Is it possible to determine the square footage and acreage of a residential lot that's straight on 3 sides, and triangular on the 4th side?
 
As shown in the crude sketch below, the two legs of the triangle at the back end of the lot are 61' and 62'.
 
Sincere Thanks for the help.
 
   Bob

 
                 61'             __              62'
                      __ ----       ---- __
           __ ----                               ---- __
          |                                                    |
           |                                                  |
            |                                                |
             |                                              |
    129'   |                                            |    124'
               |                                          |
                |                                        |
                 |                                      |
                  |                                    |
                   |________________|
                                   65'
 

 

Hi Bob,

The one word answer is no. The lengths of the sides don't give me enough information, I would need to know something else like the angles. I think I can convince you that I need more information.

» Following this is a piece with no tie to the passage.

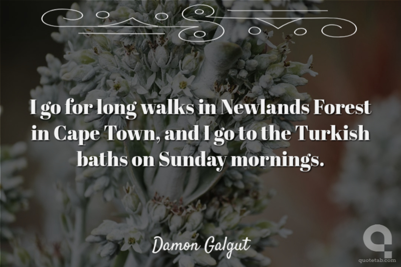 I go for long walks in Newlands Forest in Cape Town, and I go to the Turkish baths on Sunday mornings. Damon Galgut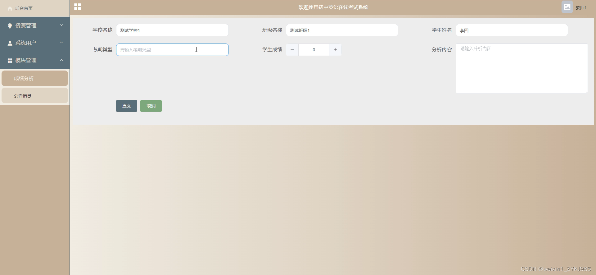 | 点击搜索成绩分析,输入存在的成绩分析名 | 查找出成绩分析 | 与预期结果一致 |

Suppose that you drive a stake into the ground at each of the 5 corners of your lot. In the diagram I labeled the stakes A, B, C, D and E so that I can refer to them. I tried to draw it roughly to scale.

Now tie a 65 foot string between A and B, a 124 foot string between B and C, and continue around the lot until you are back to A.

Leaving stakes A, B and E in place, pull the stakes C and D out of the ground, leaving the strings attached to them. Move stake C over close to the string joining E and A and, keeping the string between B and C taught, drive stake C into the ground.

Finally take stake D and, keeping the string between D and C taught and the string between D and E taught, drive stake D into the ground. This gives you a strange shaped lot but with sides the same lengths as the original lot.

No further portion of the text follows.